**Task brief**
When you reach the line that contains "La gobernadora Margarita", begin copying exactly and continue through the last line below. Do not copy pictures.

**Dataset section**
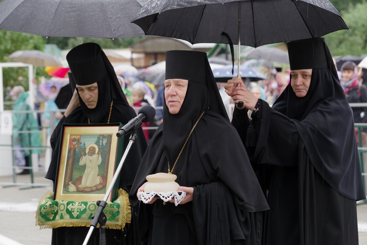 Την 1η Αυγούστου του 2020, ανήμερα της αποκομιδής των λειψάνων του Αγίου Σεραφείμ του Σάρωφ του θαυματουργού, στην Ιερά Μονή της Αγίας Τριάδος και του Αγίου Σεραφείμ του Σάρωφ ο Μητροπολίτης Αγίας Πετρούπολης και Λάντογκας κ. Βαρσανούφιος χοροστάτησε στην Θεία Λειτουργία στην πλατεία των ναών του μοναστηριού συλλειτουργούντων πολλών Αρχιερέων και κληρικών. Την Λειτουργία παρακολούθησαν πολιτικά πρόσωπα, αξιωματούχοι και επιχειρηματίες ενώ προσεύχονταν οι μοναχές του μοναστηριού.
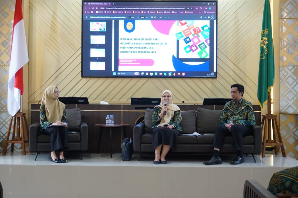 Narasumber pertama, Ishma Punawati, Pranata Humas Ahli Muda pada Biro Hukum dan Humas Mahkamah Agung Republik Indonesia, memaparkan strategi pengelolaan media sosial pengadilan.
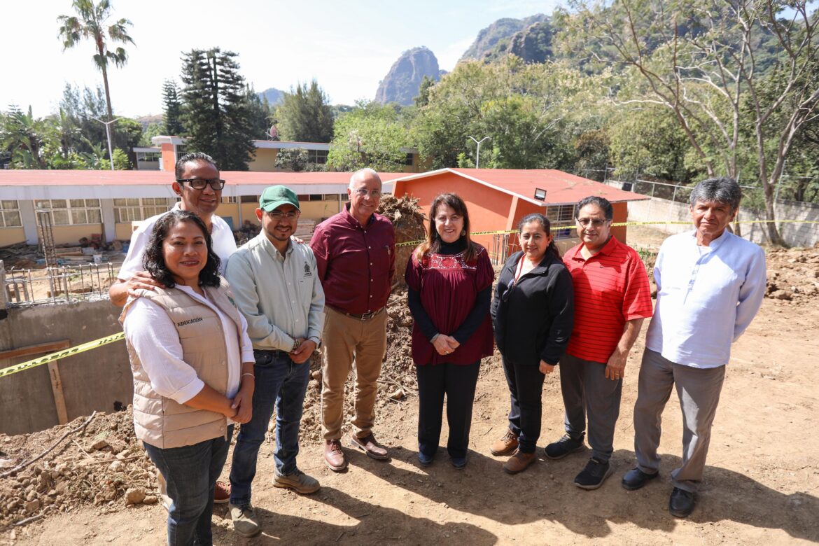 La gobernadora Margarita González Saravia visitó el municipio de Tepoztlán para supervisar obras de infraestructura educativa y agua potable que su administración impulsa en beneficio de las familias del Pueblo Mágico.
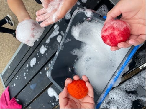 Senere vådfiltede de en ”pille dims” over en strandsten. Stenen blev pakket i karteflor og alle arbejdede med det lidt langsomme arbejde det er, at pakke bedst muligt og så fibrene har bedst mulige fat. De filtede kort ved hjælp af fugt og varme fra hænderne inden vi gik udenfor og filtede videre i lunt sæbevand.

**Answer to the exercise**
 La gobernadora Margarita González Saravia visitó el municipio de Tepoztlán para supervisar obras de infraestructura educativa y agua potable que su administración impulsa en beneficio de las familias del Pueblo Mágico.
 Senere vådfiltede de en ”pille dims” over en strandsten. Stenen blev pakket i karteflor og alle arbejdede med det lidt langsomme arbejde det er, at pakke bedst muligt og så fibrene har bedst mulige fat. De filtede kort ved hjælp af fugt og varme fra hænderne inden vi gik udenfor og filtede videre i lunt sæbevand.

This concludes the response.